By Sarina Sharp, Daily Dairy Report
Milk, Dairy & Grain Markets
The U.S. butter market took off like a rocket. It soared 30ȼ this week and closed at $3.30 per pound, just shy of the all-time high set yesterday. The meteoric strength caught the market by surprise. U.S. butter output in January through July was record large, up 4% from the scant volumes of 2022. But domestic demand was even stronger, up 8% during the same period. USDA showed August 31 butter stocks at 289 million pounds. While that is 3.9% higher than last year, it is still tight. Butter stocks typically decline in the summer, and this June, July, and August they dropped at more than twice the normal rate. Cream is expensive, and butter churns are not running hard. Butter buyers are heading into the fall baking season with painful memories of last year. They’re hoping for lower prices, but they’re also making sure they get their hands on some product, despite the jarring expense. Butter is likely to remain expensive until butter buyers are confident they’ll have enough product to stock shelves for the holidays.
Milk powder prices also rallied. CME spot nonfat dry milk (NDM) finished the month at $1.1825 per pound, up 1.5ȼ this week to its highest price since May. The powder markets are cheered by slower milk output and higher prices abroad. Whole milk powder (WMP) inched upward at the Global Dairy Trade’s Pulse auction this week, and European skim milk powder (SMP) futures advanced. Although fall temperatures have boosted milk yields, spot milk prices suggest that processors continue to compete for milk in the Midwest, and driers are the last in line. Loads of spot milk commanded a $2 premium this week, a mark-up not seen since 2016.
Strength in the spot butter and powder markets helped to lift nearby Class IV futures. The October contract leapt 60ȼ this week to $20.80 per cwt., and November Class IV topped $20 as well. But 2024 futures slipped, likely due to concerns that U.S. milk production is not contracting as quickly as it once did. The heat has abated and slaughter has slowed.

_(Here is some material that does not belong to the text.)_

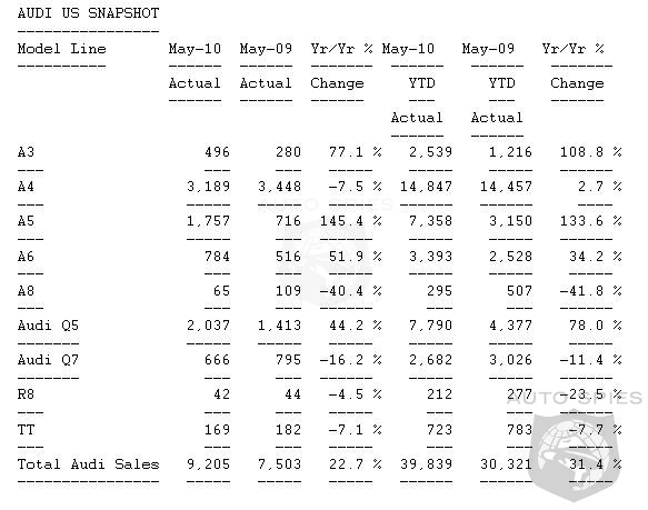 Through the first five months of this year, Audi has enjoyed a 31.4% increase over 2009, with 39,839 vehicles sold.
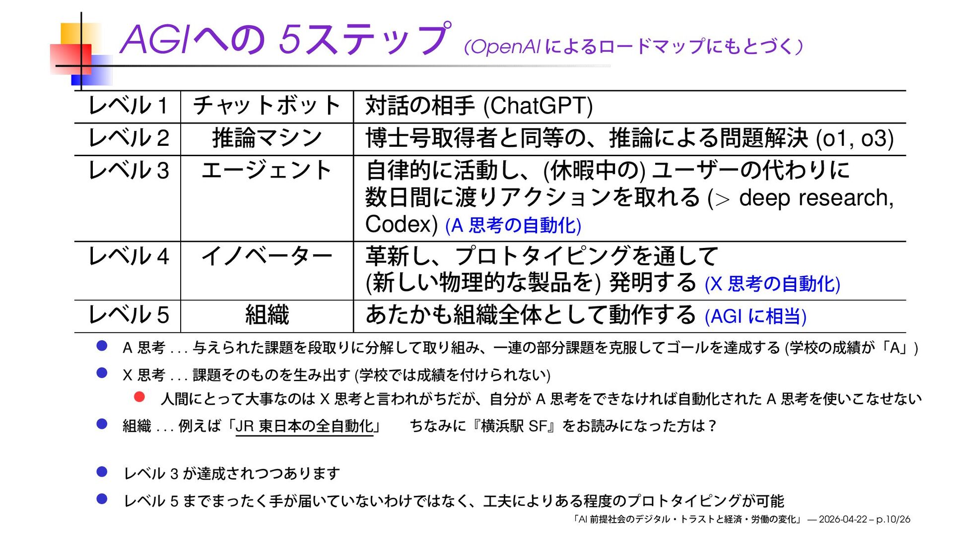 ( ) (> deep research, Codex) (A ) 4 ( ) (X ) 5 (AGI ) A . . . ( A ) X . . . ( ) X A A . . . JR SF 3 5 AI — 2026-04-22 – p.10/26

Barrel prices continued to tumble down the cliff. This week they dropped 12ȼ to $1.48. Blocks fell 6ȼ to $1.72. There is simply too much Cheddar. USDA reported August 31 cheese stocks at 1.49 billion pounds, up 0.5% from last year. Cheese stocks typically decline from July to August, but this year’s drawdown was minimal, clocking in at less than 3.5 million pounds. Inventories of American-style cheeses, including Cheddar, increased last month, bucking the seasonal trend. Domestic demand is reportedly steady. It’s likely that slower exports are causing cheese to pile up, and prices are dropping accordingly.
Whey prices also retreated this week. CME spot whey powder slipped 1.5ȼ to 29ȼ. Industry stakeholders continue to report better demand for whey protein concentrates and slower whey output. Nonetheless, the whey market has struggled to find its footing as it digs itself out of the massive stockpile that accumulated this summer.
With both cheese and whey in the red, Class III prices took a sizeable step back. October Class III fell 28ȼ to $16.88 per cwt., a level that is sure to disappoint dairy producers. Operations that depend on Class III revenue are facing the prospect of more red ink, despite falling feed costs.
Corn futures spent much of the week moving higher, but they fell back Friday with a little help from the latest USDA data. The agency reported lower September 1 corn stocks than the trade had expected, which should have invigorated the bulls. But USDA also called for a surprisingly large 2023 wheat crop. December wheat futures dropped hard, and corn followed them lower. December corn futures settled today at $4.7675 per bushel, down just a half-cent from last Friday.
USDA unexpectedly raised its estimate of September 1 soybean inventories, dragging the soy complex deeper into the red. November soybeans closed at $12.75, down another 21.25ȼ this week. December soybean meal settled at $381.20 per ton, down $4.60 from last Friday.